Optionally you can also provide a `node_col` parameter. This tells the model validator what the name of column specifying Node names. In the current model description (2020-09-17) this column is `"Node"`. If not provided with a value, this parameter defaults to `"Node"`. 

## Initialize the `ModelValidator`

In [2]:
model_description_file = '../../pyCIMS_model_description_Alberta_Validated.xlsb'

model_validator = pyCIMS.ModelValidator(model_description_file)

Next, using our `model_validator` we will use the `validate()` method to check for any errors in our model description. There are a couple of paramters for this method. I'll explain them below: 
* **`verbose`** : Determines whether the method will use print statements to notify of any problems identified in the model description. Here we have set verbose to be True so that we will see printed statements letting us know about the errors. . 

* **`raise_warnings`** : Determines whether the method will raise warnings when it identifies problems in the model description. Warnings are more "in your face" than print statements, appearing in red for the user. However, warnings do go away if you run the cell multiple times. Here, we have set raise_warnings to False. We will just look at the printed statements and the resulting dictionary (next cell)


## Validate the model

In [3]:
model_validator.validate(verbose=True, raise_warnings=False)

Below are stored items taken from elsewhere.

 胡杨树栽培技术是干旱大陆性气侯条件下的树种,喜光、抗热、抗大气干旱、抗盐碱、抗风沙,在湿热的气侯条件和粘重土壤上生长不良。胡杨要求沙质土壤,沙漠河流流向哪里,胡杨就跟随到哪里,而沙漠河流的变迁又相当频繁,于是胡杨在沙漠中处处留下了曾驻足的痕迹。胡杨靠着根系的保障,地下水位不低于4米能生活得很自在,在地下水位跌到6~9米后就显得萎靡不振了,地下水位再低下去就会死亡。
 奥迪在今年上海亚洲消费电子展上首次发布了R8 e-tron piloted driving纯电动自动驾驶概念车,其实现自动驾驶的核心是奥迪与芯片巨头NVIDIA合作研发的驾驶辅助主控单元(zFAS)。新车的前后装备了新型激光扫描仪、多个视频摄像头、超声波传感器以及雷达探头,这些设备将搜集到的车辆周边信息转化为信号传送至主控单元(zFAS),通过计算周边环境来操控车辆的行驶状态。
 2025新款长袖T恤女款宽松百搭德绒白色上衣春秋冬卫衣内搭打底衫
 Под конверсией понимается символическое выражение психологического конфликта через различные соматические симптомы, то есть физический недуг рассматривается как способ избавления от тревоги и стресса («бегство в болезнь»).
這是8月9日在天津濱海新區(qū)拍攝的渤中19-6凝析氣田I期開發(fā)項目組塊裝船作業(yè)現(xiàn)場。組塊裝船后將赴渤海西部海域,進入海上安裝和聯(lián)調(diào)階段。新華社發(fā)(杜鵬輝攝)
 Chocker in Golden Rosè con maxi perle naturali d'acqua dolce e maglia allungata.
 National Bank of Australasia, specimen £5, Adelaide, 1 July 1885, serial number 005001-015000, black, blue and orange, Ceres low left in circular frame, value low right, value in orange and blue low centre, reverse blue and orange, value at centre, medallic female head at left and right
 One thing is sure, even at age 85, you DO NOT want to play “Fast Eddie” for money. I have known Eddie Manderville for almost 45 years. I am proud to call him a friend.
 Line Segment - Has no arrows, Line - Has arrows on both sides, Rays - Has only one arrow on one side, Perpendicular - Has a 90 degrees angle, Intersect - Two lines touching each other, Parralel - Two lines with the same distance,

0 node name/branch mismatches. 
0 references to unspecified nodes. 
0 non-root nodes are never referenced. 
0 nodes were specified but don't provide a service. 
0 nodes had invalid competition types. 


## Investigate the Warnings

Regardless of whether you use the `verbose` or `raise_warnings` options in the `validate()` method call, any problems identified can be accessed through the `ModelValidator.warnings` attribute.

In [4]:
pp.pprint(model_validator.warnings)

{'nodes_no_requested_service': [(44391, 'Aviation Turbo Fuel'),
                                (44399, 'Black Liquor'),
                                (44407, 'Byproduct Gas'),
                                (44415, 'Coal Sub Bituminous Western'),
                                (44423, 'Coke'),
                                (44431, 'Diesel'),
                                (44439, 'Diesel Marine'),
                                (44447, 'Diesel Rail'),
                                (44455, 'Diesel Road'),
                                (44463, 'Gasoline'),
                                (44471, 'Geothermal'),
                                (44479, 'Heavy Fuel Oil'),
                                (44487, 'Hog Fuel'),
                                (44503, 'Light Fuel Oil'),
                                (44519, 'Petroleum Coke'),
                                (44527, 'Propane'),
                                (44535, 'Propane Solvent'),
                             

Ideally the code above returned an empty dictionary. If not, the examples below should help explain what the `warnings` dictionary might contain. 

First off, the `warnings` dictionary can contain up to 7 keys (as of September 2020). These 7 keys are:  
* [`mismatched_node_names`](#mismatch)
* [`unspecified_nodes`](#unspecified)
* [`unreferenced_nodes`](#unreferenced)
* [`nodes_no_provided_service`](#no_provided_services)
* [`nodes_no_requested_service`](#no_requested_services)
* [`invalid_competition_type`](#comp)
* [`nodes_requesting_self`](#self)

See the sections below for more information on what each of these keys mean. 

### Node Name & Node Branch Mismatch <a id="mismatch"></a>
This indicates a node where the node's name and the last element in the node's branch do not match. This is usually the result of a simple typo related to capitalization, white space, or extra characters.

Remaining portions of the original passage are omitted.